简体   繁体   English

指向数据成员地址的指针

[英]Pointer to data member address

I have read (Inside C++ object model) that address of pointer to data member in C++ is the offset of data member plus 1? 我读过(Inside C ++对象模型)C ++中指向数据成员的指针的地址是数据成员加1的偏移量?
I am trying this on VC++ 2005 but i am not getting exact offset values. 我在VC ++ 2005上尝试这个,但我没有得到确切的偏移值。
For example: 例如:

Class X{  
  public:  
    int a;  
    int b;  
    int c;
}

void x(){  
  printf("Offsets of a=%d, b=%d, c=%d",&X::a,&X::b,&X::c);
}  

Should print Offsets of a=1, b=5, c=9. 应该打印偏移a = 1,b = 5,c = 9。 But in VC++ 2005 it is coming out to be a=0,b=4,c=8. 但是在VC ++ 2005中,它是a = 0,b = 4,c = 8。
I am not able to understand this behavior. 我无法理解这种行为。
Excerpt from book: 摘录自书:

"That expectation, however, is off by one—a somewhat traditional error for both C and C++ programmers. “然而,对于C和C ++程序员来说,这种期望是一个传统的错误。

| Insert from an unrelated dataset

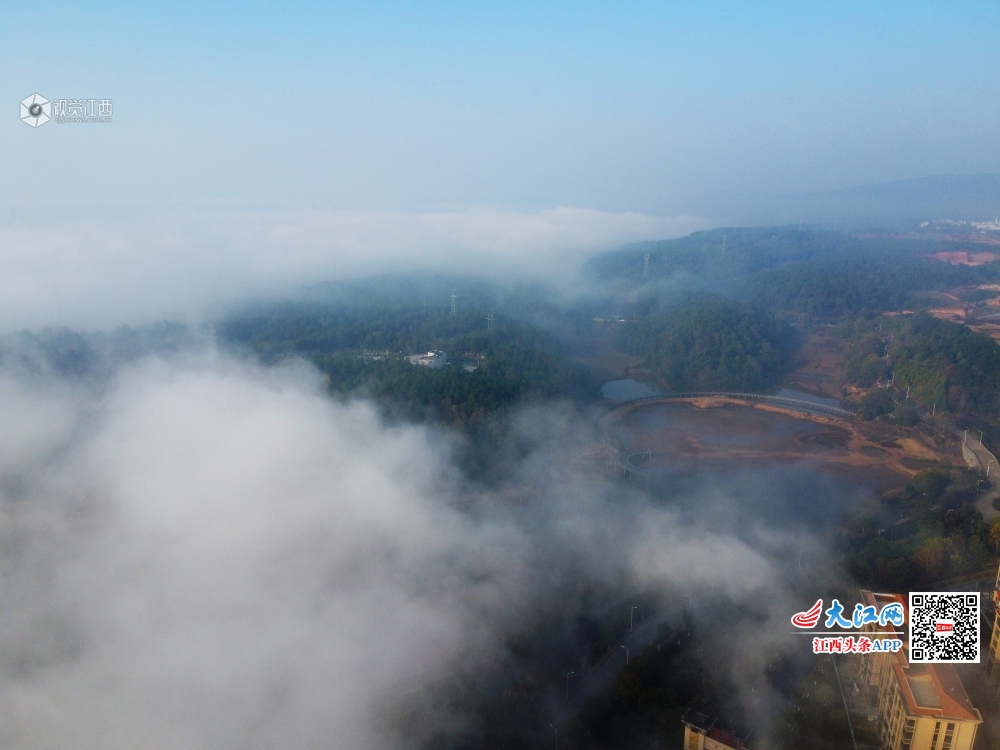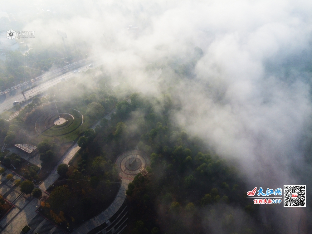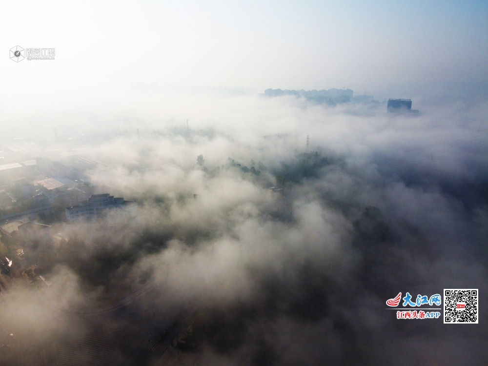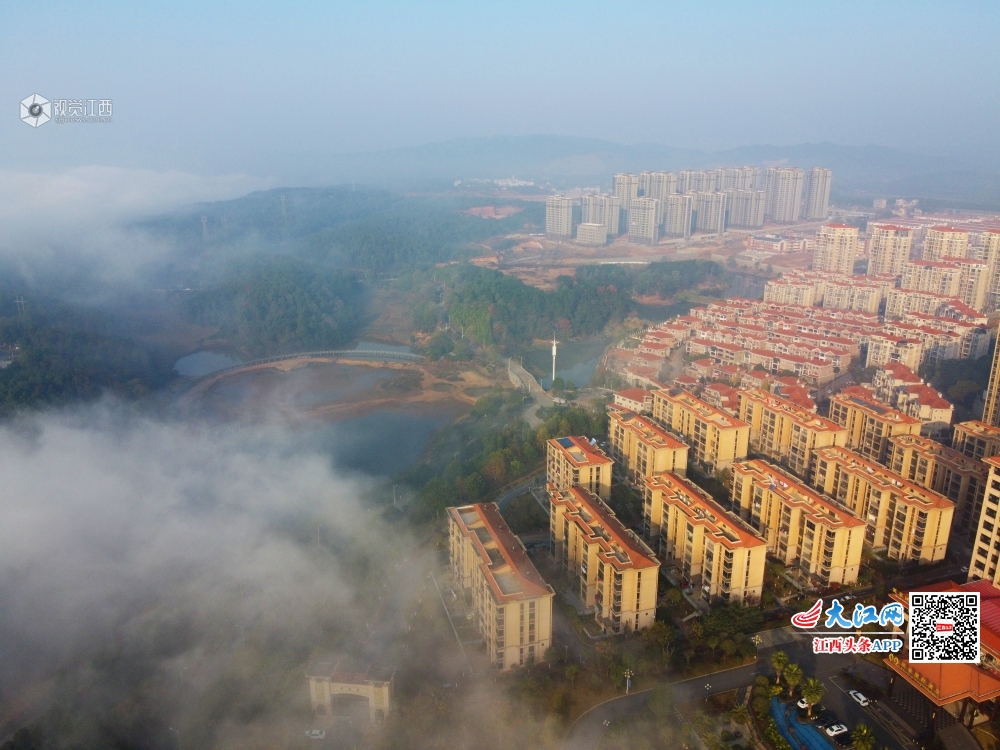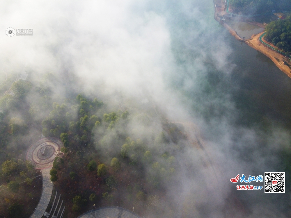 图为2019年12月3日,无人机俯瞰江西省吉安市泰和县城区,初冬时节,晨雾弥漫,山水园林、屋舍楼宇在雾中若隐若现,宛如仙境。

The physical offset of the three coordinate members within the class layout are, respectively, either 0, 4, and 8 if the vptr is placed at the end or 4, 8, and 12 if the vptr is placed at the start of the class. 如果vptr放在末尾,则类布局中三个坐标成员的物理偏移分别为0,4和8,如果vptr放置在类的开头,则分别为4,8和12。 The value returned from taking the member's address, however, is always bumped up by 1. Thus the actual values are 1, 5, and 9, and so on. 但是,从获取成员地址返回的值总是增加1.因此实际值为1,5和9,依此类推。 The problem is distinguishing between a pointer to no data member and a pointer to the first data member. 问题是区分没有数据成员的指针和指向第一个数据成员的指针。 Consider for example: 考虑例如:

 float Point3d::*p1 = 0; float Point3d::*p2 = &Point3d::x; // oops: how to distinguish? if ( p1 == p2 ) { cout << " p1 & p2 contain the same value — "; cout << " they must address the same member!" << endl; } 

To distinguish between p1 and p2, each actual member offset value is bumped up by 1. Hence, both the compiler (and the user) must remember to subtract 1 before actually using the value to address a member." 为了区分p1和p2,每个实际成员偏移值都会增加1.因此,编译器(和用户)必须记住在实际使用该值来解析成员之前减去1。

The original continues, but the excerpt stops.